◆ AIM OF THE TASK ◆
Look through the listing below and write out exactly the lines from the line with "NEMO ® pumps are conveying latex dispersions" to the line with "In the petrochemical", both included, and no others.

◆ INFORMATION PROVIDED ◆
┌────────

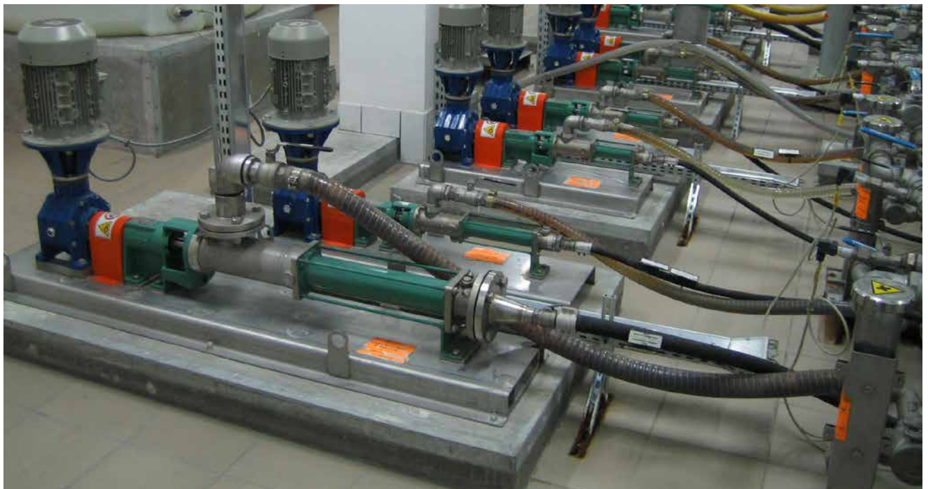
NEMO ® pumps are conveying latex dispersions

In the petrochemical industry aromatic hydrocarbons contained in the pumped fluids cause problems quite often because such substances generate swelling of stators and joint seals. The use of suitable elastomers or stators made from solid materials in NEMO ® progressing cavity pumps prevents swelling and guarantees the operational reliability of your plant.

└────────
┌────────

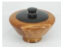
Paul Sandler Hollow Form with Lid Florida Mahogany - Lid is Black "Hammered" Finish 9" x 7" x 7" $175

└────────

◆ TASK RESULT ◆
NEMO ® pumps are conveying latex dispersions

In the petrochemical industry aromatic hydrocarbons contained in the pumped fluids cause problems quite often because such substances generate swelling of stators and joint seals. The use of suitable elastomers or stators made from solid materials in NEMO ® progressing cavity pumps prevents swelling and guarantees the operational reliability of your plant.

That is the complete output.